The modified Schwartz formula shows good agreement with 99mTc-labeled DTPA double plasma sample clearance method for calculating GFR in critically ill children aged 1 month to 12 years. The underestimation of GFR should be kept in mind while applying the formula at the bedside in PICU.

Trial registration

Protocol accessible at Clinical Trial Registry of India (CTRI) www.ctri.nic.in. (Trial Registered Prospectively and Registration No. CTRI/2017/10/010014) ([Registered on: 06/10/2017] Trial Registered Prospectively.) (Title “Measured glomerular filtration rate using Diethylenetriaminepentaacetic acid (DTPA) renal scan versus estimated glomerular filtration rate using modified Schwartz formula in critically ill children: A prospective observational, analytical study.”).

Graphical abstract



中文翻译:

修正 Schwartz 公式和 99mTc-DTPA 血浆清除率计算危重患儿肾小球滤过率

背景

在危重儿童中缺乏将改良 Schwartz 公式与测量的 GFR (m-GFR) 进行比较的研究。

方法

这项前瞻性队列研究在入院后 24 小时内招募了 1 个月至 12 岁的儿童。m-GFR 通过锝 99m 标记的二亚乙基三胺五乙酸 ( 99m Tc-DTPA) 测量并通过 Russell 的双样本斜率截距法计算。血清肌酐采用改良的 Jaffe 法估算,估算的 GFR(e-GFR)采用改良的 Schwartz 公式计算。主要结果是找到两种方法之间的一致性。计算偏差、精度和准确度。次要结果是 AKI 的发生率(根据 p-RIFLE 标准)以及两种诊断 AKI 方法之间的差异。

结果

共分析了 208 对。
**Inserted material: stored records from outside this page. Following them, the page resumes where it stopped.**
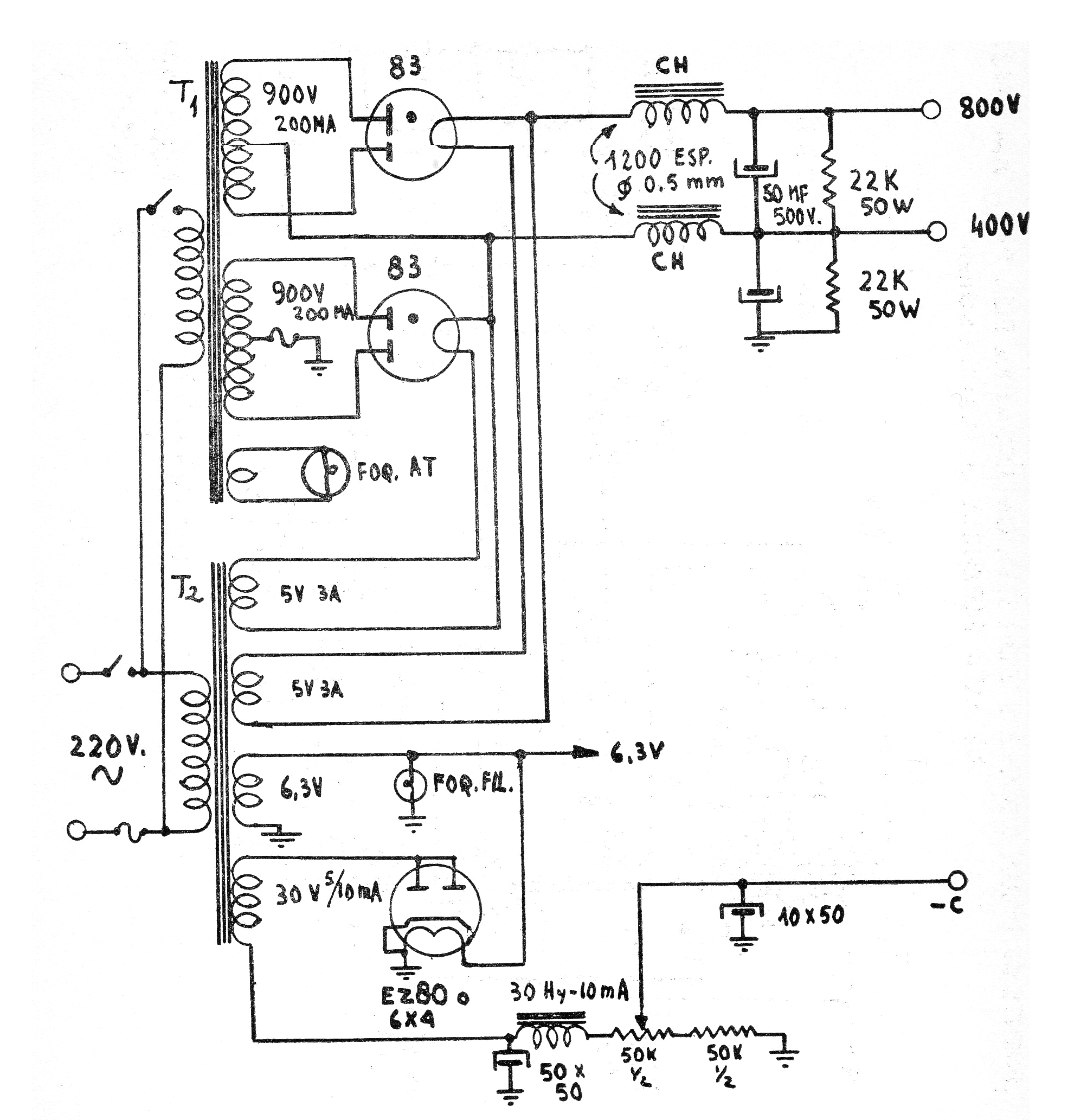 Esta fuente tradicional utilizada en equipos antiguos de Philips puede alimentar amplificadores de hasta 100 W. Los elementos críticos además de las válvulas son los transformadores y los golpes de filtro. Observe que los transformadores son de tensión bastante alta y que en la salida tenemos tensiones continuas de 400 V y 800 V. El segundo transformador se utiliza para alimentar más filamentos, normalmente del preamplificador y también proporcionar tensiones de polarización.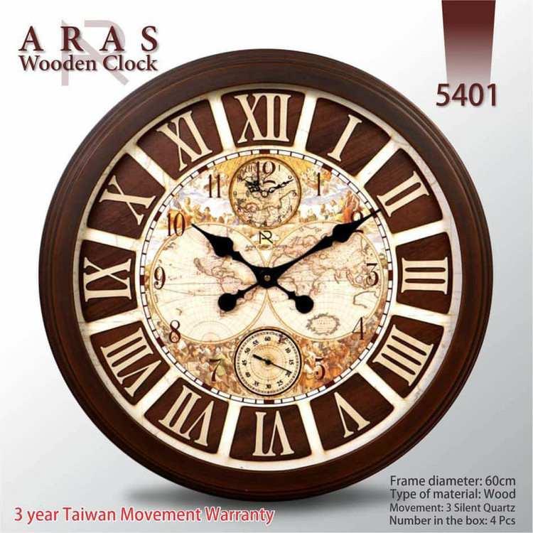 این ساعت ساخت شرکت ارس میباشد که در صفحه ساعت طرح بسیار زیبا از نقشه قاره های کره زمین و همچنین در حاشیه های آن طرح هایی از نقاشی های روم باستان قرار دارد که این باعث شده این کالا هم به عنوان یک تابلو زیبا استفاده شود و هم بعنوان یک ساعت زیبا ! این ساعت دارای 3 موتور روانگرد و بدون صدا با مصرف کم باتری است که به 2 زمان متفاوت قابل تنظیم است و موتور دیگر نمایشگر ثانیه است. موتور های این ساعت روانگرد و بدون صدا با مصرف کم باتری میباشد. ساعت ساخته از چوب و قطر آن 60 سانتی متر میباشد.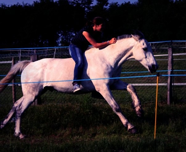 Du moins depuis que je l'ai au travail. Vendredi je suis remontée en selle d'obstacle, et longueur obstacle, au trot enlevé, je trouve directement ma place mais au galop en équilibre, faut que je desserre les genoux des quartiers (contrairement au dressage) pour éviter que mes genoux fassent amortisseurs et que je galope enlevé. Pour les Brejoires, finalement je n'y suis pas allée, la dame tient un discours très juste mais j'ai vu des vidéos d'elle a cheval et j'ai vite déchanté, ce n'est pas ce que je recherche. Je me suis toujours dit pareil : des hongres, et aujourd'hui encore, je pense que je m'orienterai plus facilement vers un hongre, mais en vivant qqch. de spécial avec une jument, je suis persuadée qu'on s'y attache plus fortement. Du coup, tu as quelle ponette ?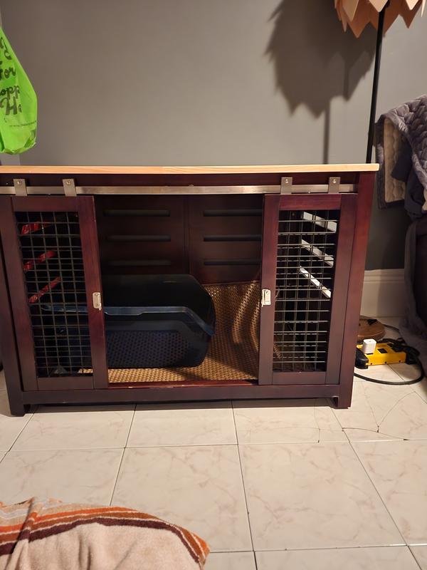 I needed for large litter box as i have multiple cats. It's beautiful and well made in person I took 1 star off cause the tray is made out of foam for the price it should be of better material so pet doesn't chew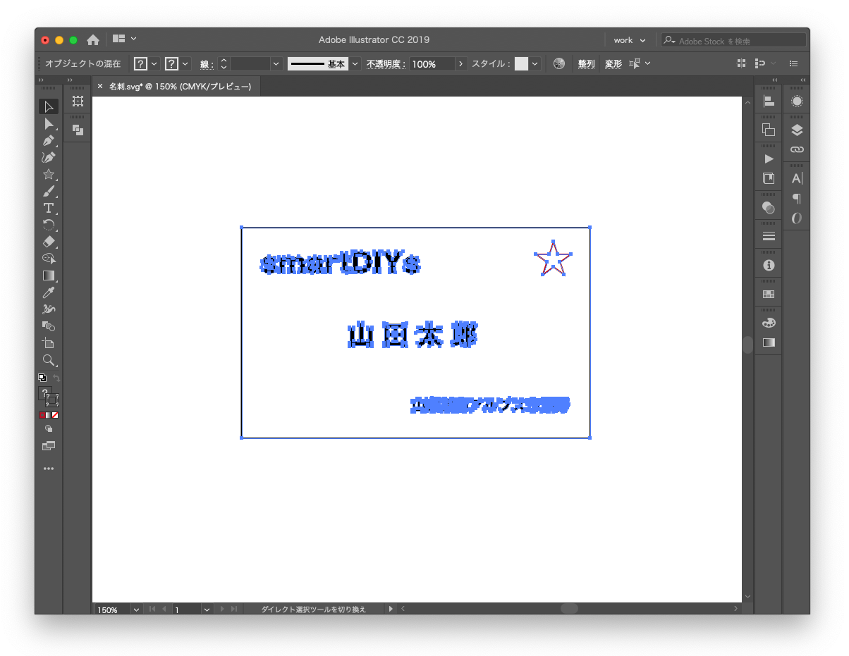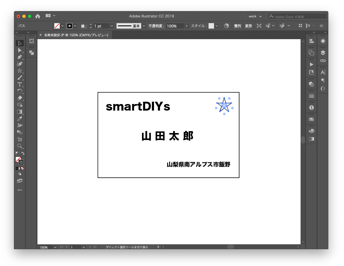 文字だけではつまらないので、名刺の左上に星マークを追加します。「長方形ツール」を長押しすると「スターツール」を選択できます。アートボードでドラッグし、星マークを作成してください。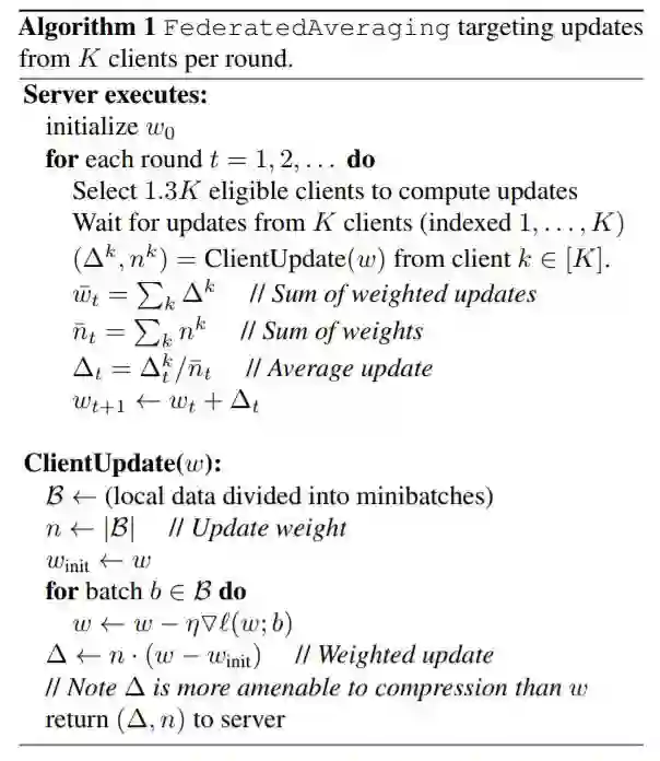 再考虑到能够增强联合学习中保护隐私的方法,包括差异化隐私策略(McMahan等,2018)和安全聚合(Bonawitz等,2017),这些方法基本上需要一些固定设备上的同步后的概念,让学习算法的服务器端可以仅消耗来自众多用户的更新信息的简单聚合。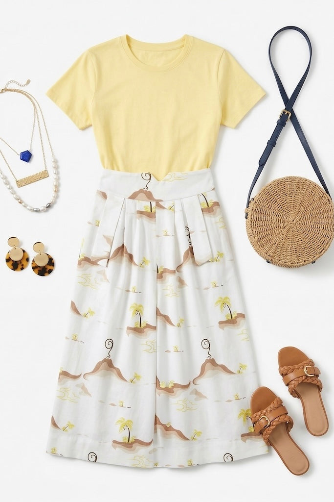 Fabulous!! Vintage 1940s midi skirt. Made of white waffle weave cotton with a Hawaiian style volcano and palm trees novelty print. Front pockets with folded cuff, side metal zipper and hook/eye clasps. Not lined. In excellent condition.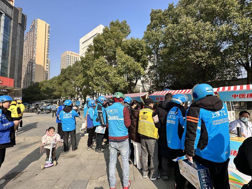 宣讲结束后,文明集市开张营业。东风路街道在现场设置了法律咨询、政策宣传、电动车维修保养、中医康复理疗、爱心理发、文明交通和红色驿站宣传等7个服务摊位,为小哥们解答关心的问题,提供“一站式”服务,发放政策宣传单、安全头盔和护膝等暖心礼包200余份。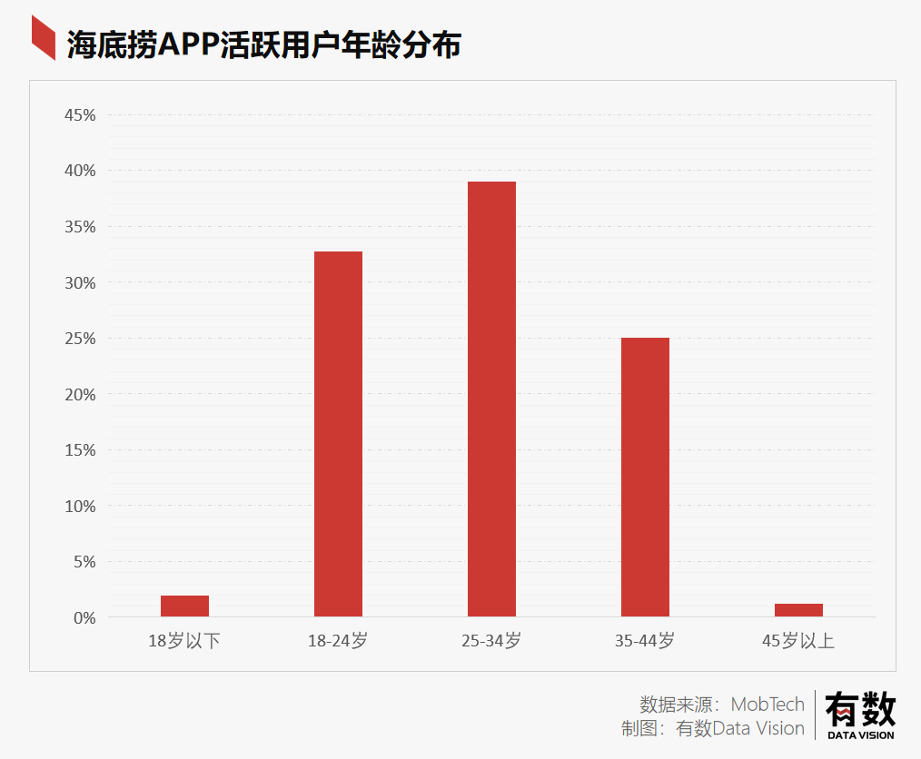 對(duì)消費(fèi)品來說,品牌老化是一個(gè)不可避免的問題,海底撈既沒有太二酸菜魚這種突出的單品,也沒有“此生必去一次”的網(wǎng)紅店氣質(zhì)。根據(jù)MobTech大數(shù)據(jù)顯示,從年齡分布來看,海底撈App的活躍用戶主要集中于25—44歲,其中35—44歲的人群喜愛度TGI指數(shù)達(dá)到144[3]。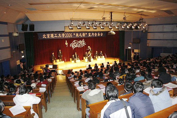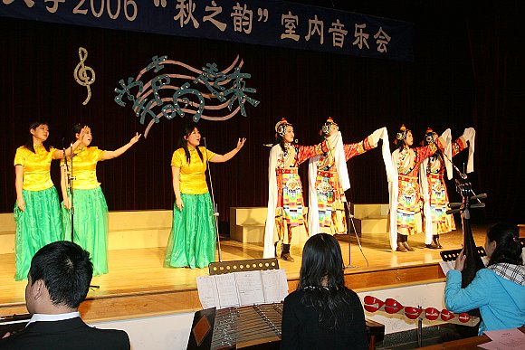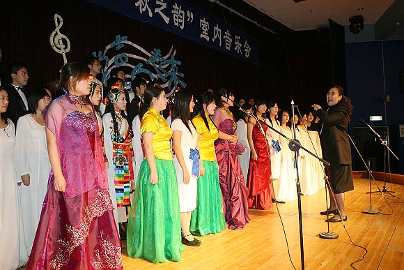 2006年11月27日,一個(gè)靜謐的初冬之夜。大學(xué)生藝術(shù)團(tuán)合唱團(tuán)的同學(xué)們?cè)谥行慕虒W(xué)樓報(bào)告廳為全校師生獻(xiàn)上了一場(chǎng)精心準(zhǔn)備的“秋之韻——掌聲響起來”合唱專場(chǎng)音樂會(huì)。

e-GFR 与 m-GFR 具有良好的一致性,平均偏差为 –4.37 ml/min/1.73 m 2,精度(偏差的 SD)为 33.07,95% 的一致性限制为 –69.18 至 60.45,组内相关性为 74% (95%CI 66–80%,P < 0.001)。e-GFR 低估了 m-GFR 19.8% (95% CI 7.9–31.7%)。e-GFR 值在 m-GFR 的 10%、20% 和 30% 范围内的准确度分别为 68.3%、72.6% 和 78.8%。根据 e-GFR,24 小时内 AKI 的发生率为 60.1%,根据 m-GFR 为 54.3%(kappa 0.569,P < 0.001;敏感性为 85.8%,95%CI(78-91.7%)。

结论

修改后的 Schwartz 公式与99m Tc 标记的 DTPA 双血浆样本清除方法在计算 1 个月至 12 岁危重病儿童的 GFR 中表现出良好的一致性。在 PICU 床边应用公式时,应牢记低估 GFR。

试用注册

可在印度临床试验注册中心 (CTRI) www.ctri.nic.in访问协议。(前瞻性注册试验和注册号 CTRI/2017/10/010014)([注册日期:06/10/2017] 前瞻性注册试验。)(标题“使用二乙烯三胺五乙酸 (DTPA) 肾脏扫描测量的肾小球滤过率与估计的肾小球使用改良 Schwartz 公式对危重儿童的过滤率:一项前瞻性观察性分析研究。”)。